Leveraging DLTs for Secure and Persistent Communications in the PHOENIX Platform
In the PHOENIX platform architecture, Secure and Persistent Communications (SPC) layer, as also reflected in its name, offers security over legacy protocols, as well as data persistency. More precisely, the SPC layer adopts a data-centric approach based on federated Distributed Ledger Technologies (DLTs) to achieve a higher degree of persistency, traceability, availability, integrity and interoperability in the context of data communications. Since different ledger technologies meet different needs, for instance, the ledgers aimed for asset and access control management are preferably chosen from permissioned ledgers with the purpose of achieving cost reduction, whereas public ledgers are widely used for trade and making payments due to their high level of trustworthiness. Therefore, beyond usage of DLTs within SPC layer, different components of the PHOENIX platform can also leverage the use of DLT as a persistent and immutable data storage.
Concerning the utilization of multiple ledgers simultaneously within the PHOENIX platform, it is imperative to develop a distributed and resilient solution for interconnecting varying ledger networks, which are also suitable for critical Electrical Power and Energy System (EPES) assets and data. For enabling interaction among differing DLTs, several mechanisms such as Atomic cross-chain transactions, Bridging and Ledger-of-ledger approaches were proposed in the literature [1]. As part of the SPC layer, it will also contain the so-called inter-ledger component, which is developed on basis of the atomic cross-chain transactions approach. The inter-ledger component facilitates the integration of multiple ledgers, which results in a cohesive storage platform, where different types of the ledgers can be used simultaneously to benefit from the strengths of various ledger types and to combat their possible shortcomings.
For better understanding, let’s consider the Information Incidents Sharing Platform (I2SP) component in the PHOENIX platform, which is aiming to bridge the gap between national and global Computer Emergency Response Teams (CERTs), Transmission System Operators (TSOs), Distribution System Operators (DSOs) and grid operators. I2SP would be instantiated as a distributed platform comprising one or more ledgers, where each stakeholder can establish agreements and share Cyber Threat Information (CTI), such as cyber-attacks, with others reliably and transparently through the inter-ledger component.
In the PHOENIX platform, DLTs are mainly used for storing CTI, but not operational data such as metering information due to the immutable nature of data records on ledgers. More accurately, operational data may not be stored on DLTs since this operation can lead to violating GDPR compliance (e.g., the right to be forgotten for personal data). Furthermore, CTI which is generated within the PHOENIX platform, cannot be freely shared with everyone, especially with users outside of EPES infrastructures. Thereby, private permissioned DLTs are considered as an appropriate data storage for the PHOENIX platform, because in such ledgers a designated organization controls the access rights to data records and only certain nodes are authorized to publish data on the ledger networks. On contrary, public permissionless DLTs do not fulfill the privacy requirements of the PHOENIX platform because they allow any user to join ledger networks and carry out varying transactions, such as read and write on data records.

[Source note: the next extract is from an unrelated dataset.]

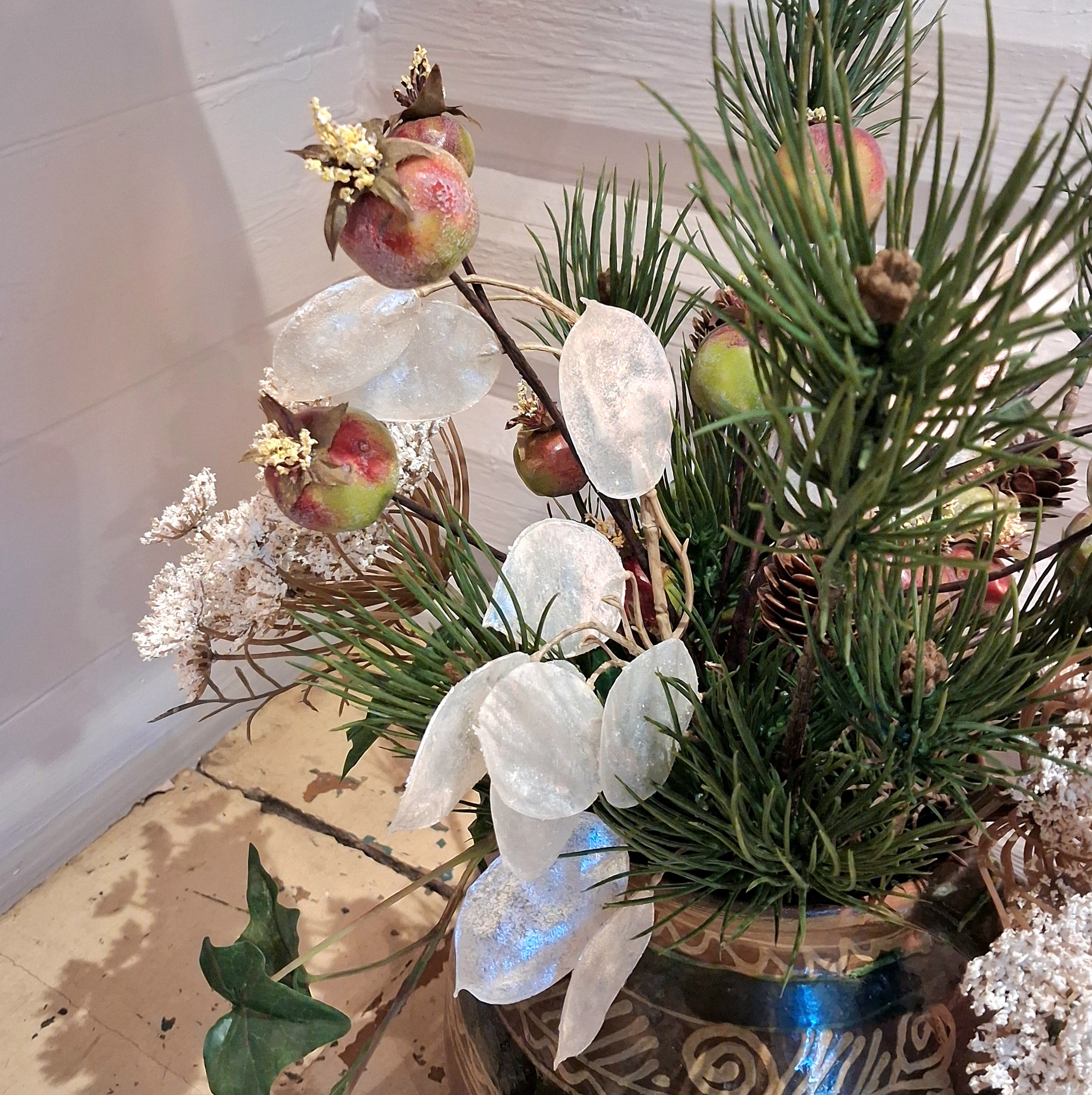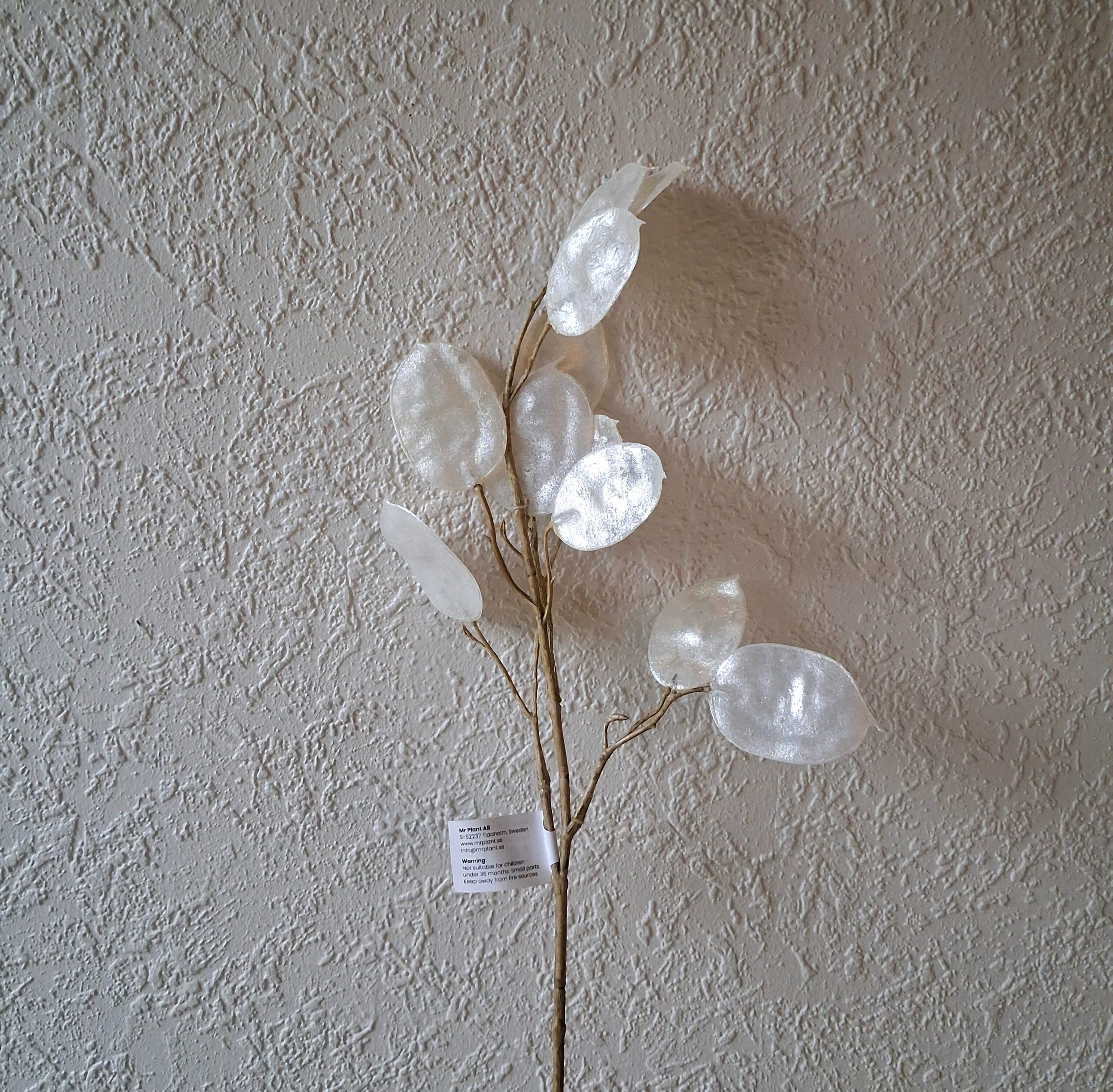 Flot hvid perlemor Judaspenge stilk – Lunaria med smukke tynde perlemors farvede blade – flot og fyldig blomster stilk, kunstig og meget dekorativ – både alene i en vase, i en dekoration og i en buket –

For this reason, Quorum and Hyperledger fabric, which both fall into the category of the private ledgers, will be utilized in the PHOENIX platform.
The main specification work for the SPC layer was carried out in the spring and summer of 2020 as a joint effort between the partners of WP2, with valuable contributions also from members outside WP2. The work was finalized by end of summer – without being much affected by the global covid-19 pandemic – and the results were documented in D2.2 [2]. Since then work has evolved towards implementation and planning for the first actual prototyping activities.
[1] V. Siris, P. Nikander, S. Voulgaris, N. Fotiou, D. Lagutin and G. Polyzos, “Interledger Approaches,” in IEEE Access, vol. 7, pp. 89948-89966, doi: 10.1109/ACCESS.2019.2926880., 2019.
[2] PHOENIX, “D2.2 Secure and Persistent Communication Layer,” H2020 – 832989 – PHOENIX Deliverable Report, 2020.